الذكاء الاصطناعي يتصدى لـ "القاتل الصامت": بارقة أمل في علاج سرطان البنكرياس

Pancreatic cancer is considered one of the most dangerous types of cancer worldwide, often called the “silent killer” because it does not show clear symptoms in the early stages of the disease. When symptoms do begin to appear, they are often general and non-specific, such as feeling stomach upset, loss of appetite, or unexplained weight loss, which leads to delayed diagnosis and thus limited treatment opportunities, with only one in ten patients surviving five years after diagnosis.

The danger of this disease also lies in the difficulty of detecting it through examinations, as it is difficult to detect small tumors even with CT scans, due to the pancreas’ deep location inside the body. Despite the expertise of radiologists, they may not be able to notice small or atypical tumors, which prompted a team of researchers to try to explore the possibility of using artificial intelligence to improve the accuracy of early detection of this cancer.

The team, led by AI expert Hinkjan Huisman and radiologist John Hermans, prepared a high-quality, confidential set of CT scan images of approximately 400 patients, which were carefully reviewed by international experts. Developers from around the world were then invited to submit artificial intelligence models capable of detecting pancreatic cancer in these images, and more than 250 models participated in this challenge, and their results were compared to the performance of radiologists.
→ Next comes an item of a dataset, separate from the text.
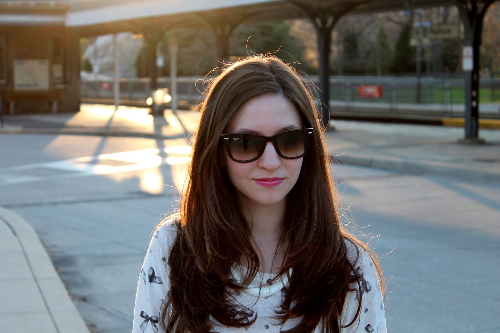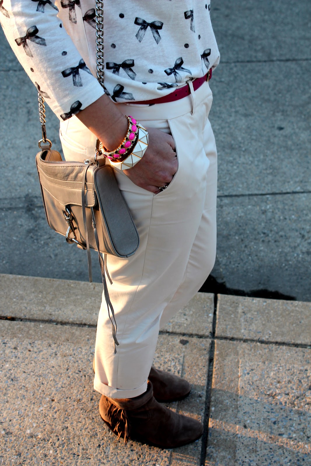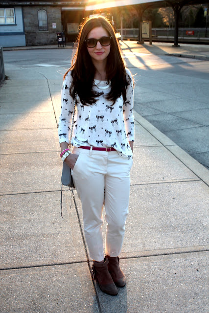 pants- J. Crew, top- Madewell, belt- J. Crew, booties- Sam Edelman, necklace- Forever 21, bracelets- J. Crew & Forever 21, sunglasses- Ray-Ban, lips- Bobbi Brown rich lip color in Cosmic Raspberry
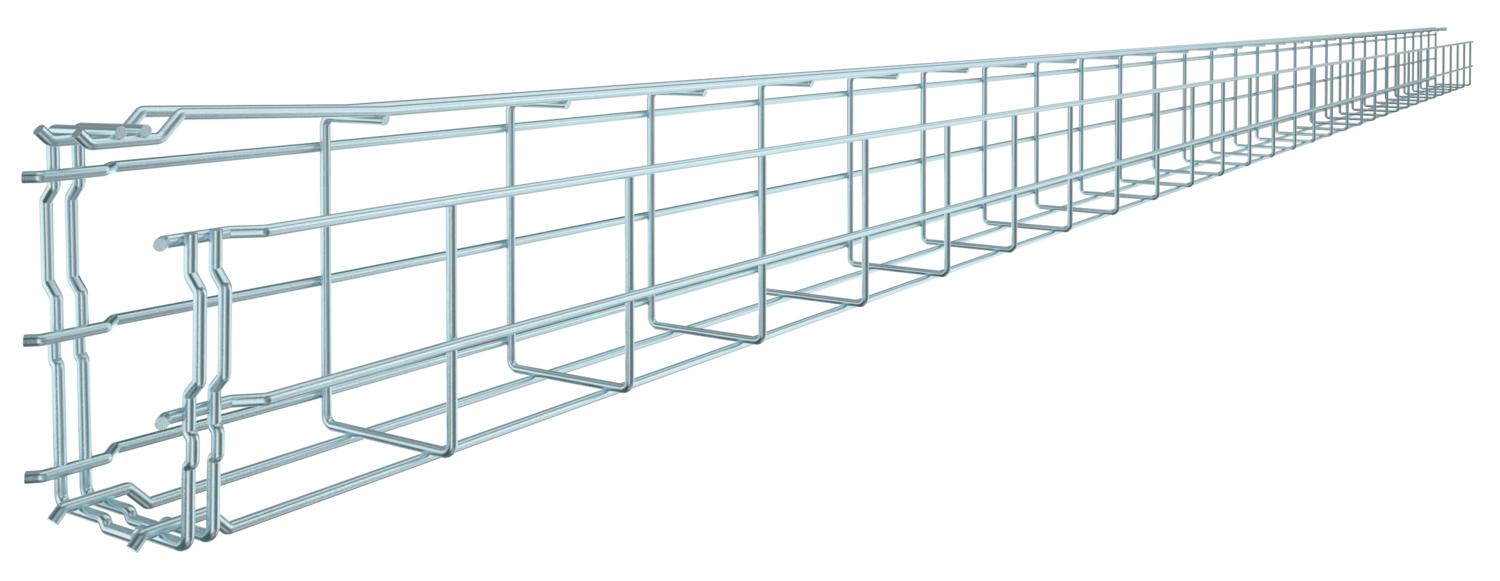 Product descriptionG-shaped mesh cable tray made of spot-welded steel wire with different side heights and widths.

The results showed that the best AI models were more accurate than the average performance of doctors, correctly identifying cancer in 92% of scans, while the success rate for the average radiologist was 88%, with a 38% reduction in false alarms. These models are seen as a supportive “second eye” for doctors, helping them reduce errors caused by daily work pressure, and not as a replacement for them.

The researchers expect these technologies to contribute to the detection of pancreatic cancer at an early stage, which increases the chances of successful surgery and other treatments. However, they also emphasize the need for caution, because false positive results may cause patient anxiety and increase pressure on health systems. Therefore, work continues on training and testing the models before introducing them for widespread clinical use.

In conclusion, artificial intelligence does not offer a magic solution, but it opens a door of hope in a field that has long been shrouded in mystery; every improvement in the accuracy of early detection of pancreatic cancer can make a real difference in patients’ lives.